**EXERCISE DIRECTIONS:** Please make an exact copy of the listing, without the pictures.

**DATA EXCERPT:**
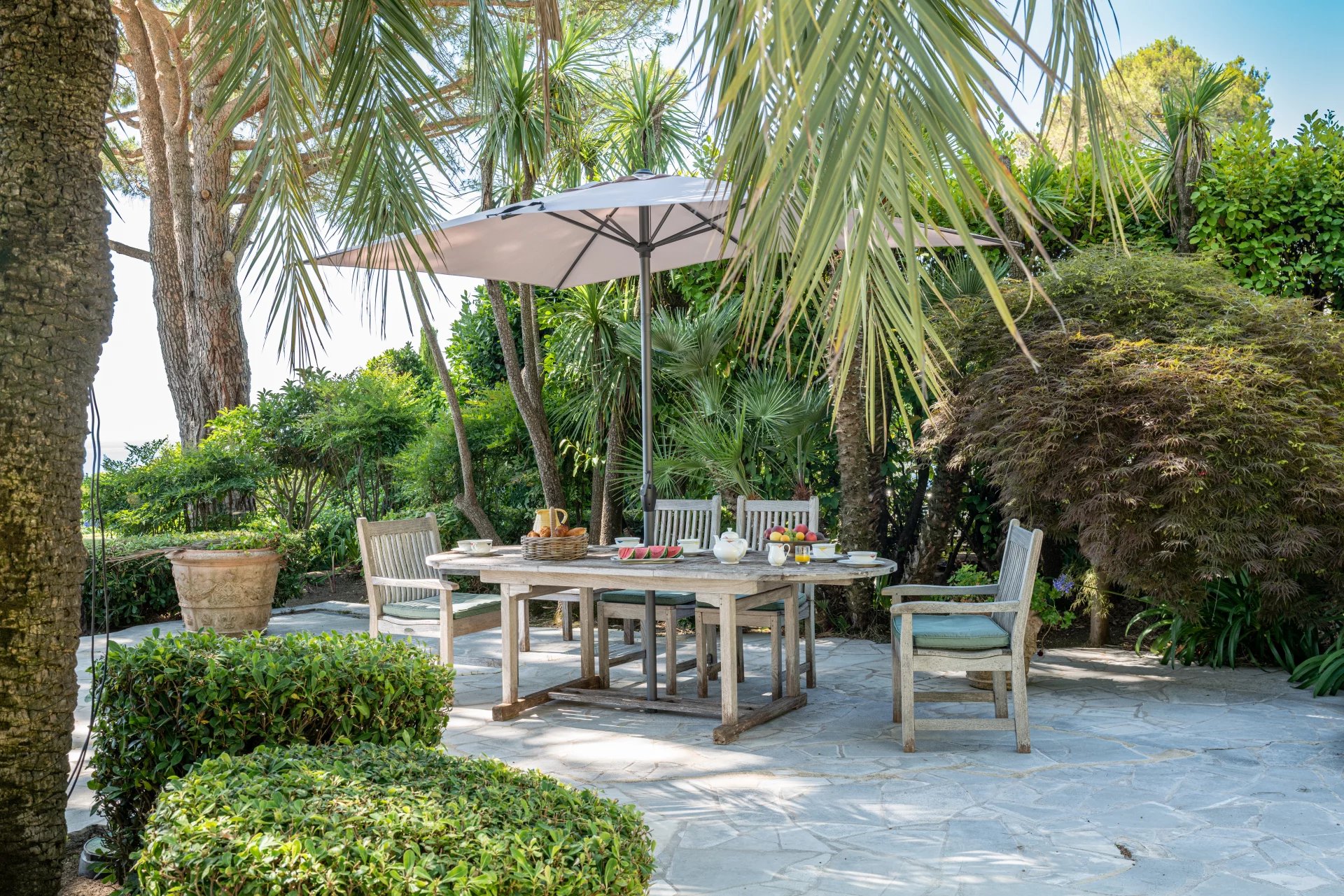 Extending over one hectare of grounds carefully tended and landscaped by the famous Jean Mus with over 40 olive trees, this haven of peace promises absolute calm and total privacy.
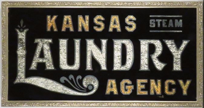 Kansas Steam Laundry Agency Reverse Glass Glue Chip Process Sign. Excellent condition. 25 X 13 inches.
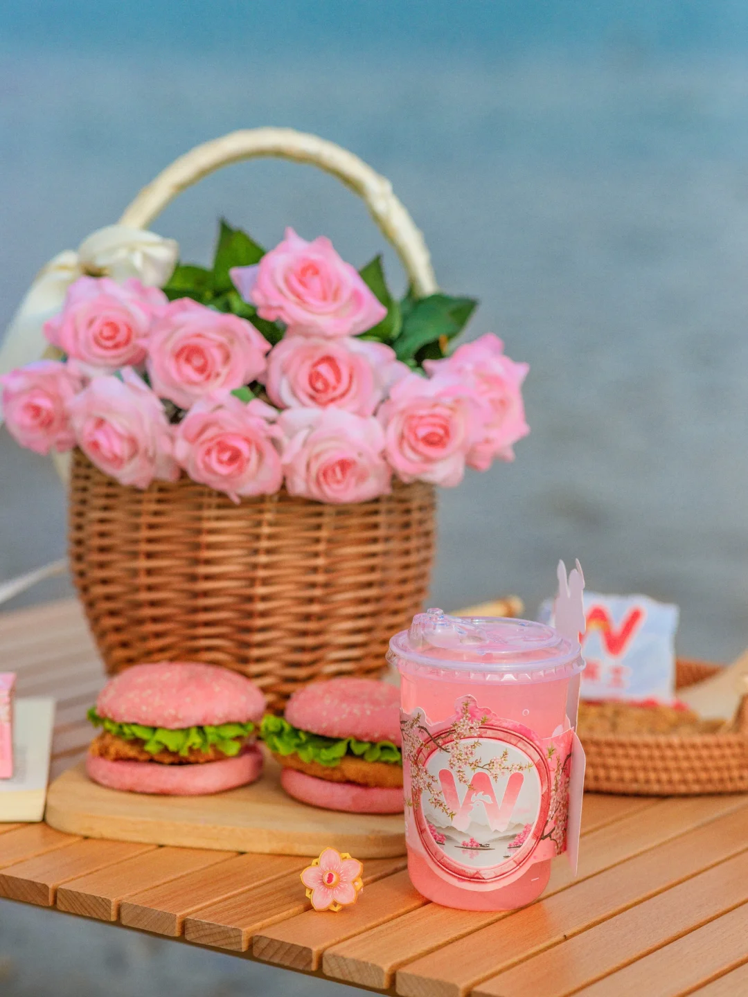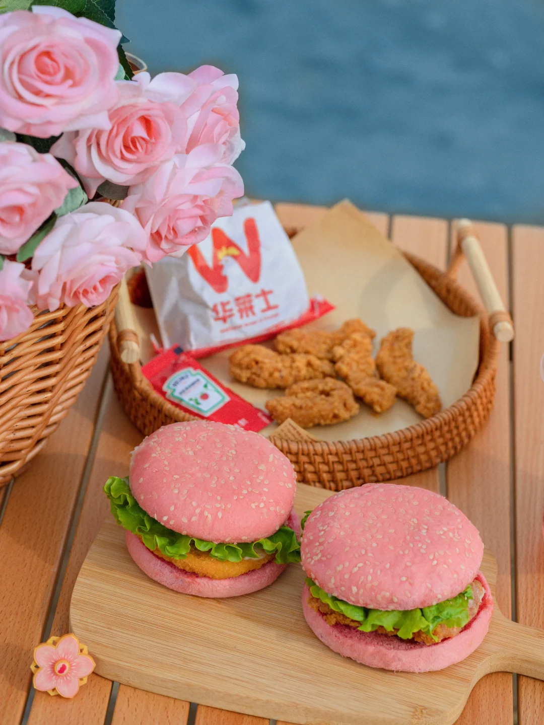 🌸等桃花盛开之时,还要带粉粉的汉堡来野餐~

**SOLVED PROBLEM:**
 Extending over one hectare of grounds carefully tended and landscaped by the famous Jean Mus with over 40 olive trees, this haven of peace promises absolute calm and total privacy.
 Kansas Steam Laundry Agency Reverse Glass Glue Chip Process Sign. Excellent condition. 25 X 13 inches.
 🌸等桃花盛开之时,还要带粉粉的汉堡来野餐~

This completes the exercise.